• [Problem description]
Working from the entries that follow, transcribe exactly and only the lines from the one with "Con un design" through the last, pictures excluded.
+++ Information +++
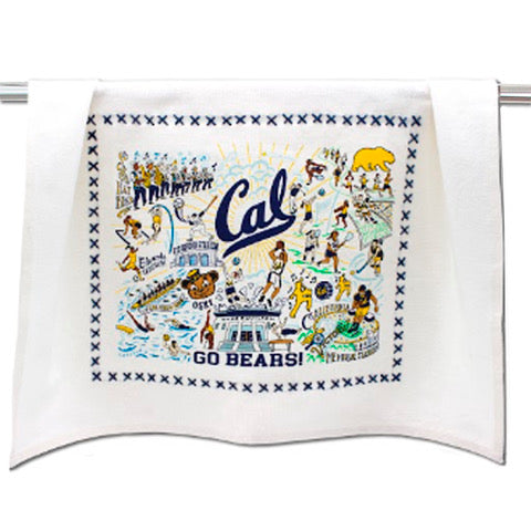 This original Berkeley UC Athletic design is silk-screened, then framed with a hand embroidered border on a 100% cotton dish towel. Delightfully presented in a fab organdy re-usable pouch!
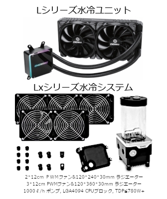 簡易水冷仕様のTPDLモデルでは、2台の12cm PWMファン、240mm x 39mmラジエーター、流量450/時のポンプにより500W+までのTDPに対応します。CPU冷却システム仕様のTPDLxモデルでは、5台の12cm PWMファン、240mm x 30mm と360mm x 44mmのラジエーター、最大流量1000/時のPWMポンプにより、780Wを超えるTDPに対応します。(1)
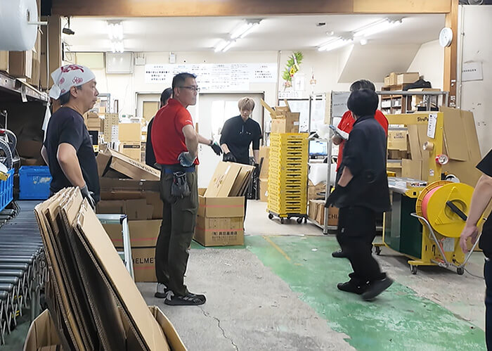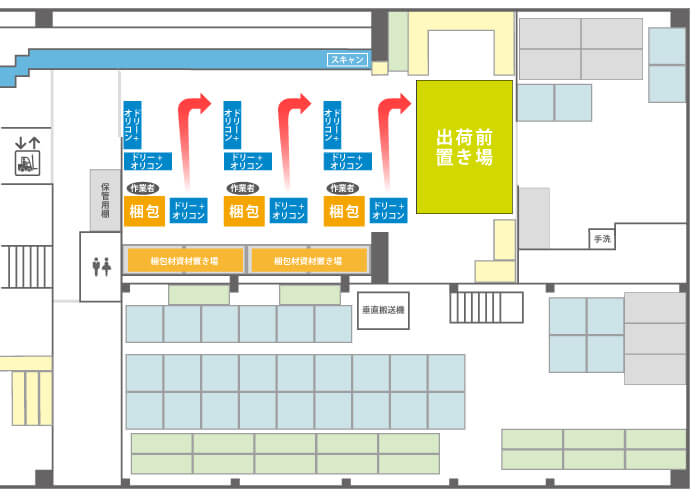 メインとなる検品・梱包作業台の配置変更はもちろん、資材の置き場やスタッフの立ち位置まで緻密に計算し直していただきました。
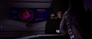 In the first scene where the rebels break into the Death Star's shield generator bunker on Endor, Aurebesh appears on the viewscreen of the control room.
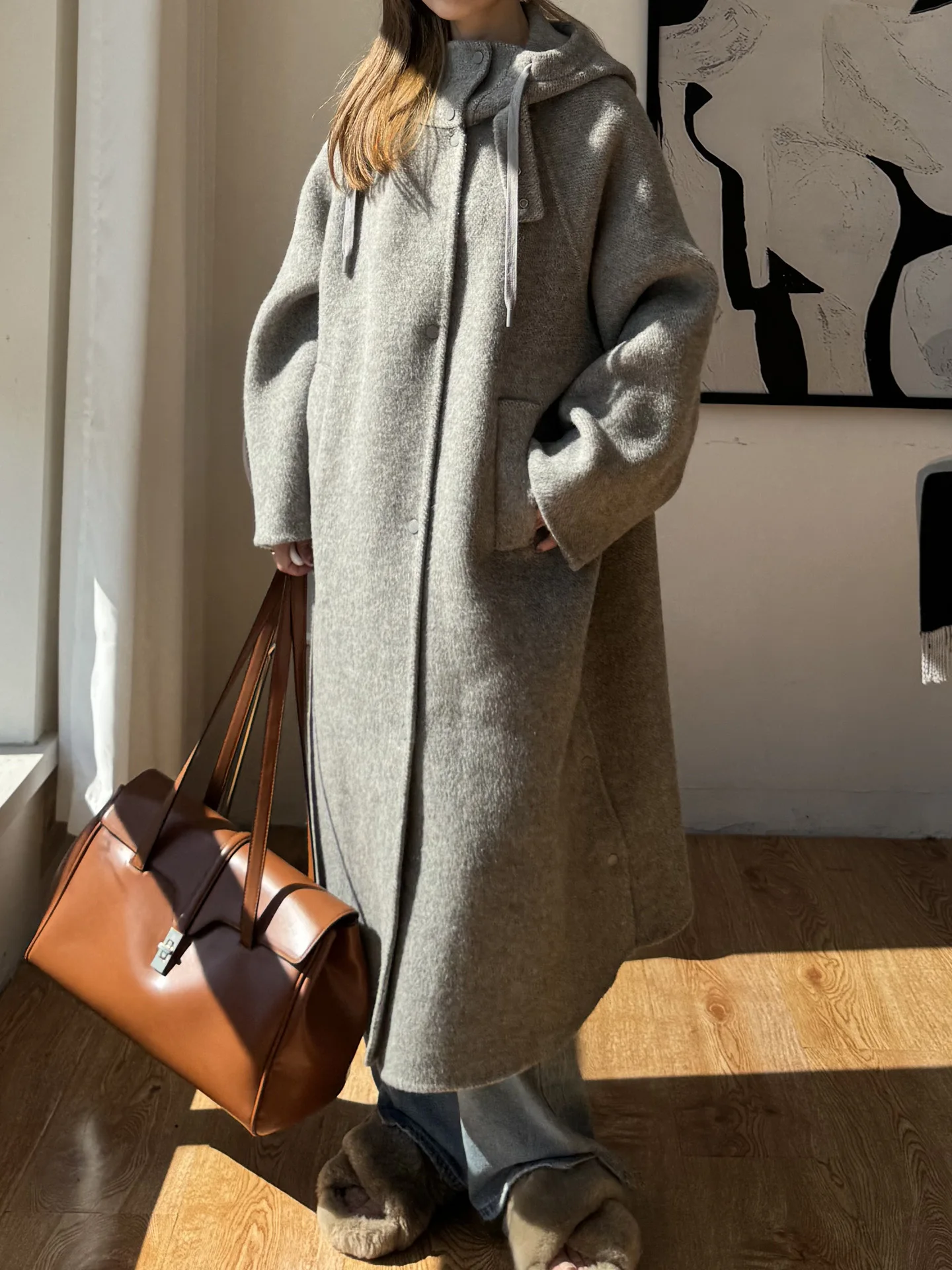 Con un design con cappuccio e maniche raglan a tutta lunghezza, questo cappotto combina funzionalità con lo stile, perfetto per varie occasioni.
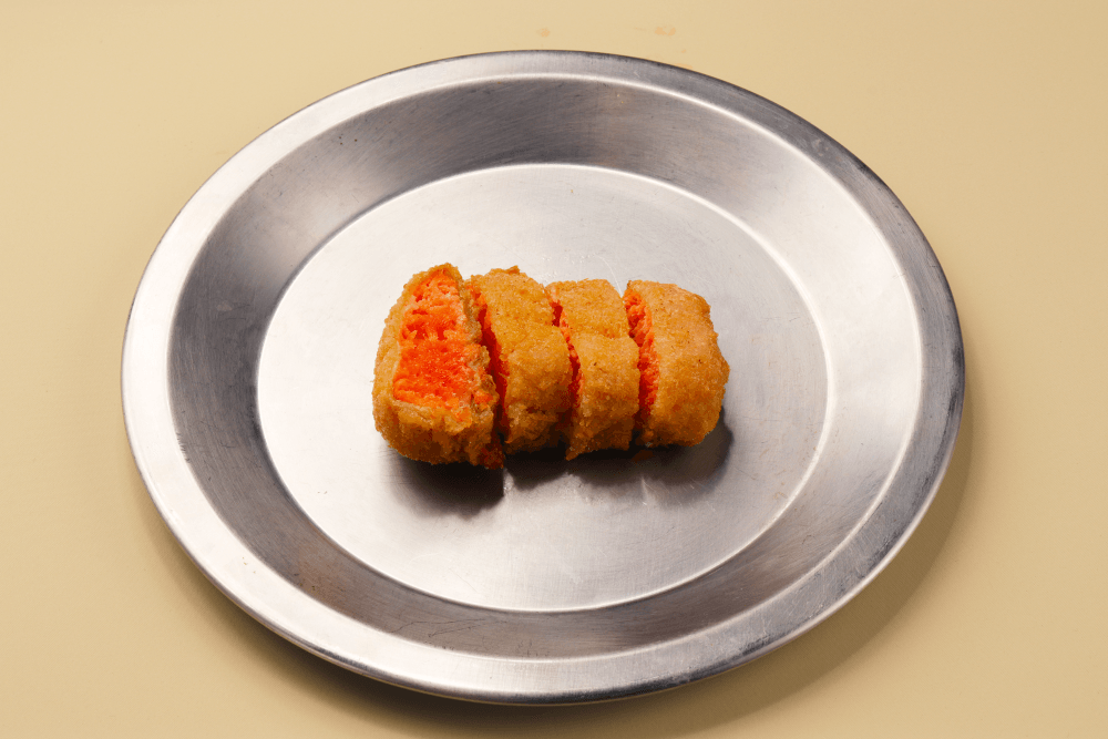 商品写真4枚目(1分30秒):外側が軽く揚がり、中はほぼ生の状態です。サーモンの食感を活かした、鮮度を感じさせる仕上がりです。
+++
• [Answer to the problem]
 Con un design con cappuccio e maniche raglan a tutta lunghezza, questo cappotto combina funzionalità con lo stile, perfetto per varie occasioni.
 商品写真4枚目(1分30秒):外側が軽く揚がり、中はほぼ生の状態です。サーモンの食感を活かした、鮮度を感じさせる仕上がりです。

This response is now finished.